◆ What this task involves ◆
Return nothing but the lines from the line with "İlginç bir öyküsü" through the last line of the entries that follow, copied exactly and free of pictures.

Dataset excerpts:
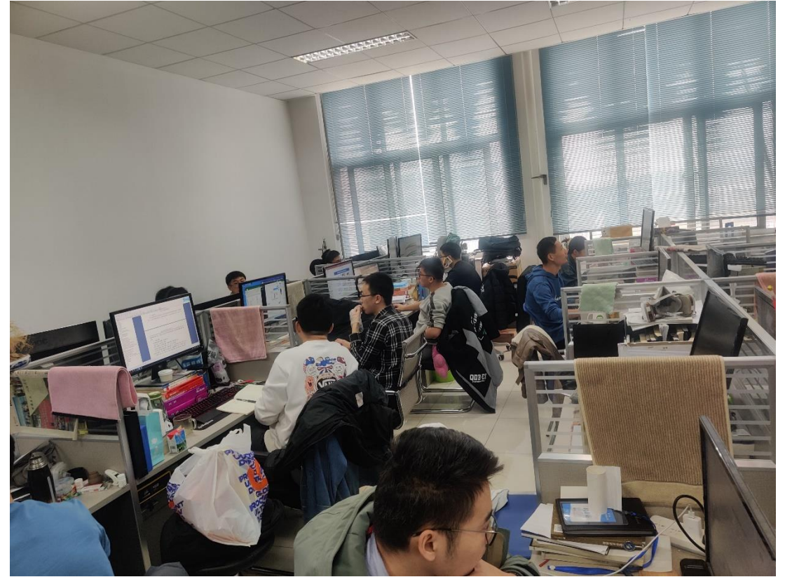
特B401 油气田化学研究所
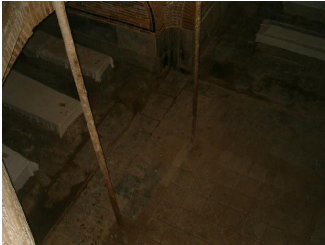
Türbenin içinin görünüşü

İlginç bir öyküsü var bu külliyenin. Bibi Hatun Timur'un gözdesidir. Emir Timur bu yapının mimarını idam ettirmiş. Öykü ilginç, mimar bir türlü külliye bitirmez. Bibi Hatun, mimarı çağırıp gecikmenin sebebini sorar. Mimar, "Size âşık oldum, sadece sizi bir kere öpmek istiyorum" der. Bibi Hatun mimara, "Sana en güzel cariyemi vereyim. O olmazsa seni hakanlığın en güzel kızıyla evlendireyim. İste seni altına gark edeyim". Mimar hiçbirini kabul etmez. Bibi hatun sonunda bir çözüm bulmuş, dudaklarının önüne bir cam koymuş. Dudaklar camda buluşmuş. Emir Timur seferden döner dönmez ilk iş olarak mimarın boynunu vurdurmuş.
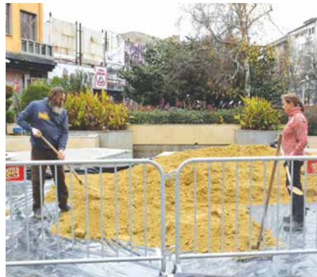
10 тона пясък ще бъдат използвани за пясъчното Рождество

Инициативата се осъществява с подкрепата на Община Бургас.
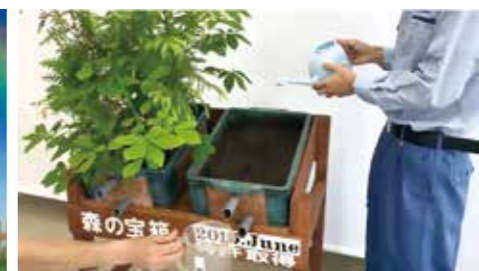
YouTubeで公開している動画

◆ Exercise result ◆
İlginç bir öyküsü var bu külliyenin. Bibi Hatun Timur'un gözdesidir. Emir Timur bu yapının mimarını idam ettirmiş. Öykü ilginç, mimar bir türlü külliye bitirmez. Bibi Hatun, mimarı çağırıp gecikmenin sebebini sorar. Mimar, "Size âşık oldum, sadece sizi bir kere öpmek istiyorum" der. Bibi Hatun mimara, "Sana en güzel cariyemi vereyim. O olmazsa seni hakanlığın en güzel kızıyla evlendireyim. İste seni altına gark edeyim". Mimar hiçbirini kabul etmez. Bibi hatun sonunda bir çözüm bulmuş, dudaklarının önüne bir cam koymuş. Dudaklar camda buluşmuş. Emir Timur seferden döner dönmez ilk iş olarak mimarın boynunu vurdurmuş.
10 тона пясък ще бъдат използвани за пясъчното Рождество

Инициативата се осъществява с подкрепата на Община Бургас.
YouTubeで公開している動画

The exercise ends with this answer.